Communities in a graph are clusters or groups of nodes that are more densely connected to each other than to the rest of the graph. In other words, nodes within the same community have many connections with each other and relatively fewer connections with nodes outside the group.

The result of this process in Neo4j looks something like this: data structured into entities and relationships with their properties, just as we wanted. In particular, Neo4j also offers the opportunity to have multiple vector indexes in the same instance, and we exploit this feature to separate the embeddings of chunks from those of communities.

Knowledge Graph obtained from European Commission Press Corner’s PDFs: we can observe Document nodes (lightblue), Chunk nodes (pink) and Entity nodes (orange).
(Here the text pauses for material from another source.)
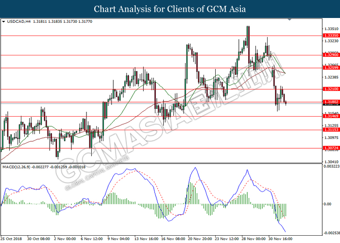 USDCAD, H4: USDCAD telah didagang dengan lebih tinggi selepas ia melantun dari tahap sokongan 1.3155. MACD yang mula untuk membentuk silang bullish mencadangkan pasangan ini untuk meningkat selanjutnya dan menuju ke arah 1.3285.

Blue nodes represent Community Reports and green nodes are for Graph Metrics.

In the image above, you might have noticed that some nodes in the Graph are more connected to each other, while other nodes have fewer connection and lie on the borders of the Graph. Since the image you are looking at is produced from the European Commission’s Press Corner pdfs, it is only normal that in the center we could find entities such as “Von Der Leyen” (President of the European Commission) or even “European Commission”: in fact, those are some of the most mentioned entities in our Knowledge Graph.

Below, you can find a more zoomed-in screenshot, where relationship and entity names are actually visible. The original filename of the document (lightblue) at the center is “Commission sets course for Europe’s AI leadership with an ambitious AI Continent Action Plan”. Apparently the extraction of entities and relationships via LLM worked fairly fine on this one.

Here labels and relationships are visible and can be used to get a grasp on the subject of one of the press releases.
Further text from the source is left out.